• Как я писался с Цоем •
Наступила странная осень 1982-го года. Несмотря на полную акклиматизацию к питерской погоде и умению не удивляться её выкрутасам, эту осень я хорошо запомнил. Какая-то постоянная сумеречность; моросящий дождик то и дело сменялся тусклым, маленьким и неярким солнцем, которое блестело в лужах и совершенно не грело. Потом появлялся туман, и создавалось впечатление производства сварочных работ в сыром и дымном помещении. По утрам в городе странное эхо искажало звуки работающих машин — делало их тише, но пронзительней, хотя общий фон был глуховат.
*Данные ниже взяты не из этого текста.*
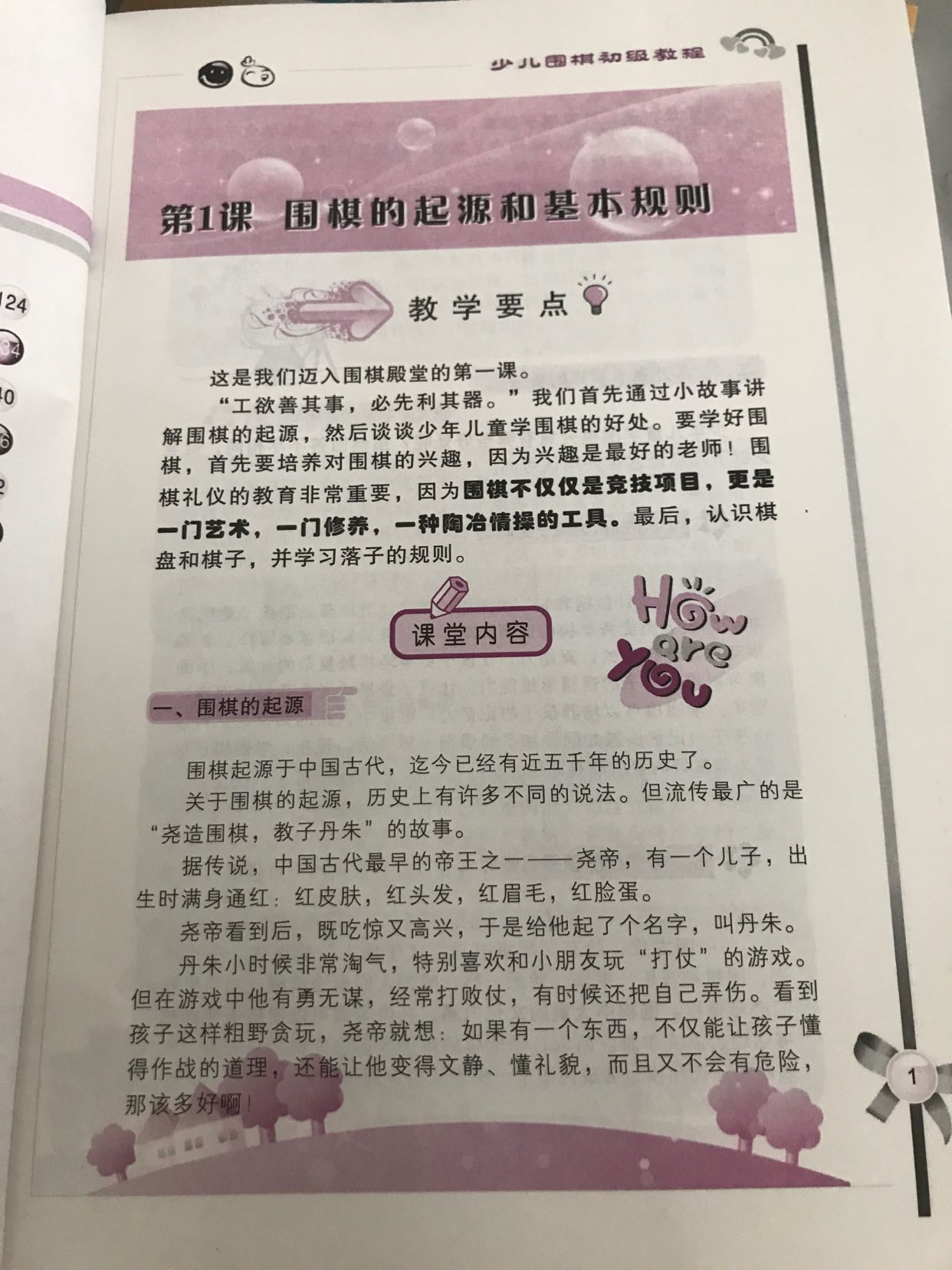 这套《少儿围棋初级教程》是世界冠军马晓春先生在围棋基础教学领域,潜心研究、实践数年后精心创作,吸取国内外现有围棋培训教材的优点,结合自身技术优势打造的精品围棋培训教材。内容上按教师授课习惯以课时安排层次,循序渐进,深入浅出,让孩子在轻松的学习过程中迅速提高棋艺。

Начался очередной учебный год в училище Мусоргского, и он меня не радовал: оставалось много серьёзных хвостов. Начальник эстрадного отделения — Чернышёв — вызвал меня на ковёр и завёл нудную беседу о неуспеваемости и профнепригодности, делая временами многозначительные паузы. На специальности я занимался вместе с Саней Кондрашкиным, и наш педагог Сергей Гречкин (случайно услышавший Аквариум) умудрялся молча грозить нам всяческими бедами. Он догадывался, что многие из студентов играют вовсе не джаз, а "стрёмную", как он выражался, музыку.
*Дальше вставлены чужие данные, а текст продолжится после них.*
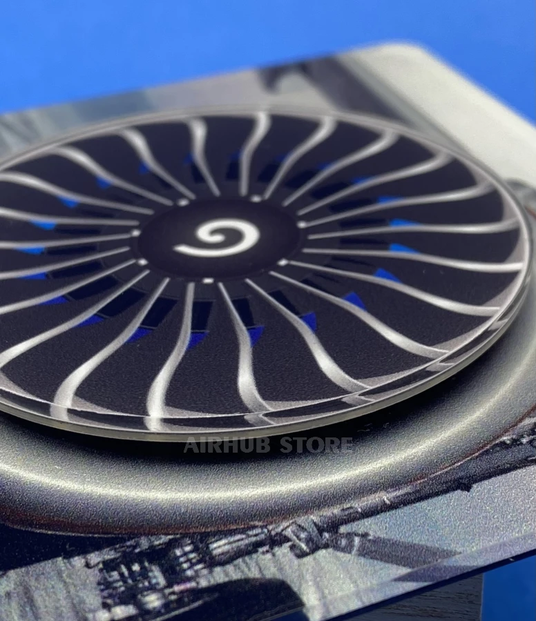 The design is modeled after modern turbofan engines, with detailed blades and a distinctive center section reminiscent of real aircraft engines. The background featuring an airplane landing gear adds to the airport atmosphere and enhances the sense of real aviation.
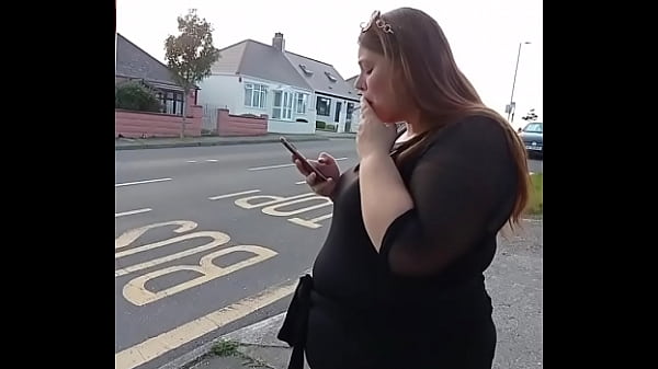 Tettona brunetta fumando e giocando con le tette fuori
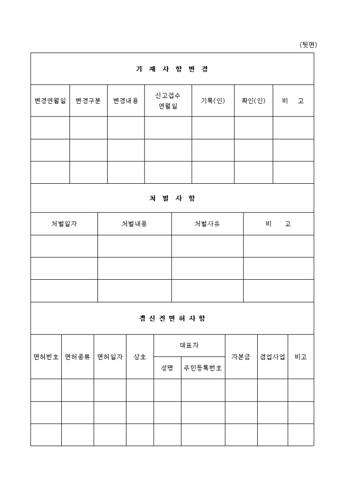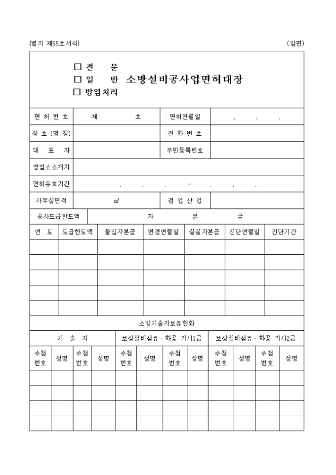 소방기술자 보유현황과 기재사항변경, 처벌사항, 갱신전면허사항드의 항목으로 구성되어 있는 (전문,일반,방염처리)소방설비공사업면허대장양식입니다.

Умер Брежнев, и страна погрузилась в неопределённость. Незнакомые друг с другом люди тихо обсуждали будущее страны в трамваях, троллейбусах и прочих местах, где можно было говорить, не привлекая особого внимания. Ко мне заехал отец, и мы помянули Генсека. Первый раз в жизни я выпивал с отцом. Он достал из старого, потёртой жёлтой крокодиловой кожи портфеля маленькую водки и сказал:
— Помянём хорошего человека, — разлил водку, и мы выпили. Немного посидели, и он уехал.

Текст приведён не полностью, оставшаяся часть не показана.